**Work order**
Without any images, write the listing below out word for word.
⟨
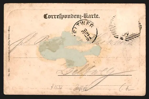 Personenbezogene Daten auf der Rückseite der Karte wurden durch blauen Textmarker unkenntlich gemacht. Die blauen Stellen sind auf die Vorderseite durchgeweicht und wirken sich negativ auf das Postkartenfoto aus
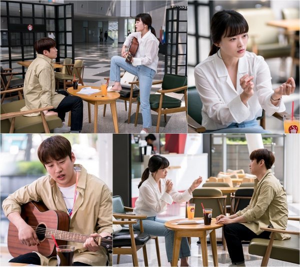 오늘(30일) 공개된 사진에 담긴 범상치 않은 두 남녀, 진주(천우희)와 범수(안재홍)의 범접할 수 없는 저세상 텐션이 보는 이의 시선을 사로잡는다. 방송국의 로비로 보이는 카페에서 뜬금없이 기타로 논쟁(?)을 벌이는 두 남녀. 테이블에 한쪽 발을 턱 올려놓은 채 심취해 연주 중인 진주와 어느새 그녀로부터 기타를 빼앗아 열창하고 있는 범수의 표정은 아이러니하게도 뚱딴지같은 이 상황과 달리, 세상 진지해 보여 절로 웃음을 유발한다. 이 조합, 역시 예사롭지 않다.
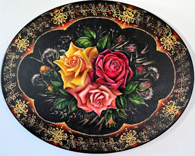 Roses on a tray. 2023. Oval 40x50x2 cm. Canvas. Oil
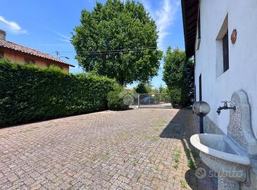 Completa la proprietà un ampio spazio adibito a cortile e parcheggio, oltre al terreno privato, ideale per chi ama trascorrere del tempo all'aria aperta, per un totale di circa 2.000 mq.
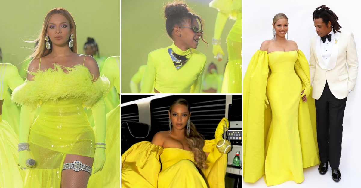 На црвениот тепих на Оскарите, Бијонсе зачекори рака за рака со сопругот Џеј Зи. Нејзин стилски избор беше жолта креација од Валентино и чантичка во форма на тениско топче.
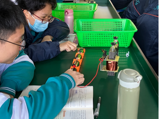 谭宜洁老师在高二4班讲授的《自感》,先邀请学生进行“千人震游戏”引入新课,激发全体学生的兴趣。谭老师不仅对实验现象进行逻辑严密的理论分析,还利用自制教具进行对照实验,直观清晰地展现自感现象,使学生一目了然。谭老师通过讲述亨利发现自感现象的小故事,渗透对学生的品质教育。物理源于生活,谭老师与学生合作完成电火花打火实验,模拟生活中的燃气灶点火原理,向学生传达将物理知识应用到生产生活实践中的理念。
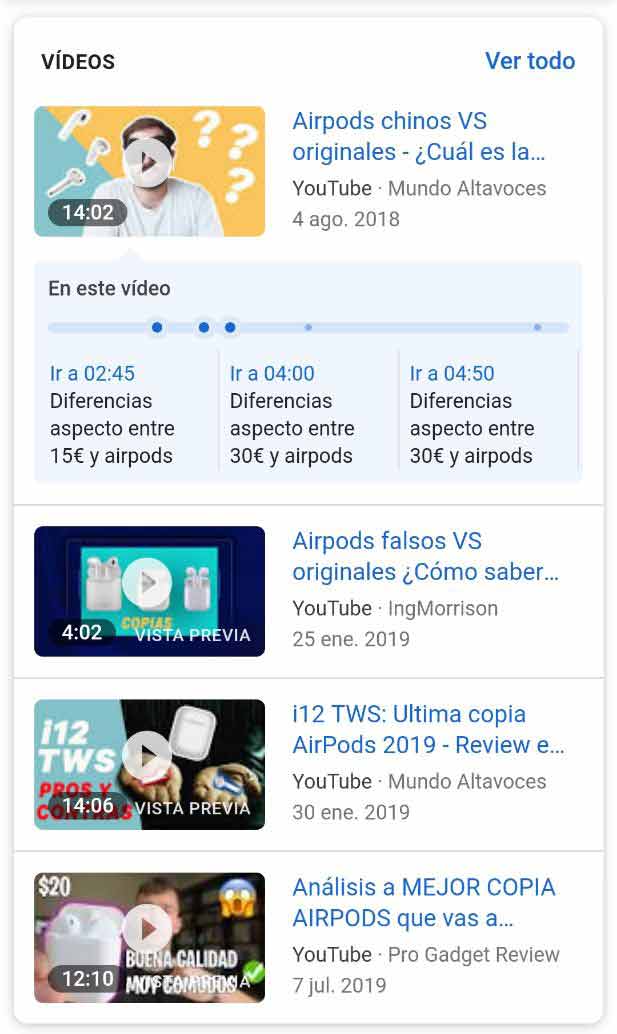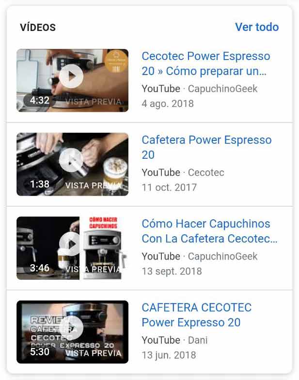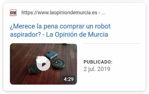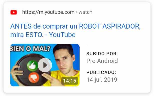 - Snippet con vídeo de YouTube como resultado orgánico:
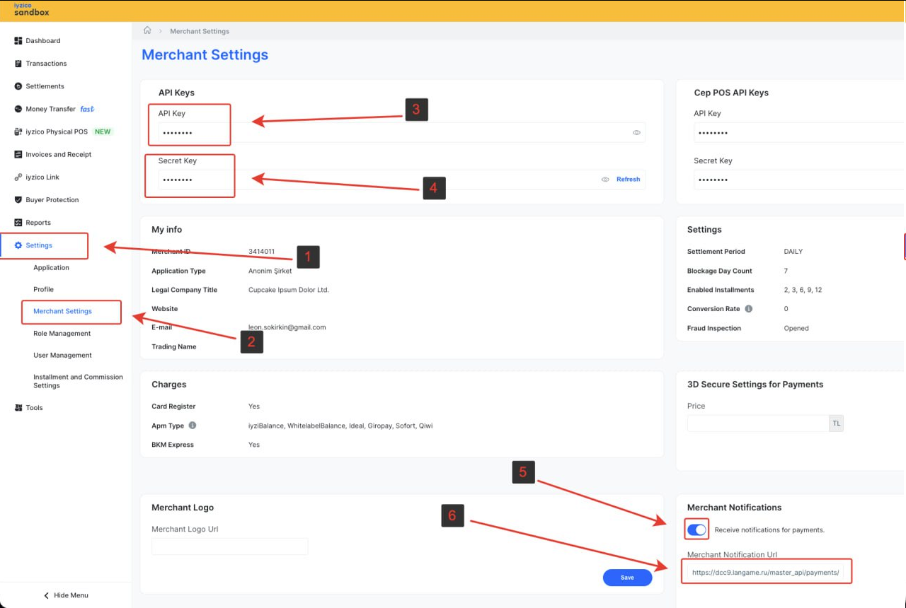 - Включить Merchant Notifications (5) и указать ссылку на вебхук (6) в формате https://домен/master_api/payments/iyzico/finish
⟩
**Solution to this problem**
 Personenbezogene Daten auf der Rückseite der Karte wurden durch blauen Textmarker unkenntlich gemacht. Die blauen Stellen sind auf die Vorderseite durchgeweicht und wirken sich negativ auf das Postkartenfoto aus
 오늘(30일) 공개된 사진에 담긴 범상치 않은 두 남녀, 진주(천우희)와 범수(안재홍)의 범접할 수 없는 저세상 텐션이 보는 이의 시선을 사로잡는다. 방송국의 로비로 보이는 카페에서 뜬금없이 기타로 논쟁(?)을 벌이는 두 남녀. 테이블에 한쪽 발을 턱 올려놓은 채 심취해 연주 중인 진주와 어느새 그녀로부터 기타를 빼앗아 열창하고 있는 범수의 표정은 아이러니하게도 뚱딴지같은 이 상황과 달리, 세상 진지해 보여 절로 웃음을 유발한다. 이 조합, 역시 예사롭지 않다.
 Roses on a tray. 2023. Oval 40x50x2 cm. Canvas. Oil
 Completa la proprietà un ampio spazio adibito a cortile e parcheggio, oltre al terreno privato, ideale per chi ama trascorrere del tempo all'aria aperta, per un totale di circa 2.000 mq.
 На црвениот тепих на Оскарите, Бијонсе зачекори рака за рака со сопругот Џеј Зи. Нејзин стилски избор беше жолта креација од Валентино и чантичка во форма на тениско топче.
 谭宜洁老师在高二4班讲授的《自感》,先邀请学生进行“千人震游戏”引入新课,激发全体学生的兴趣。谭老师不仅对实验现象进行逻辑严密的理论分析,还利用自制教具进行对照实验,直观清晰地展现自感现象,使学生一目了然。谭老师通过讲述亨利发现自感现象的小故事,渗透对学生的品质教育。物理源于生活,谭老师与学生合作完成电火花打火实验,模拟生活中的燃气灶点火原理,向学生传达将物理知识应用到生产生活实践中的理念。
 - Snippet con vídeo de YouTube como resultado orgánico:
 - Включить Merchant Notifications (5) и указать ссылку на вебхук (6) в формате https://домен/master_api/payments/iyzico/finish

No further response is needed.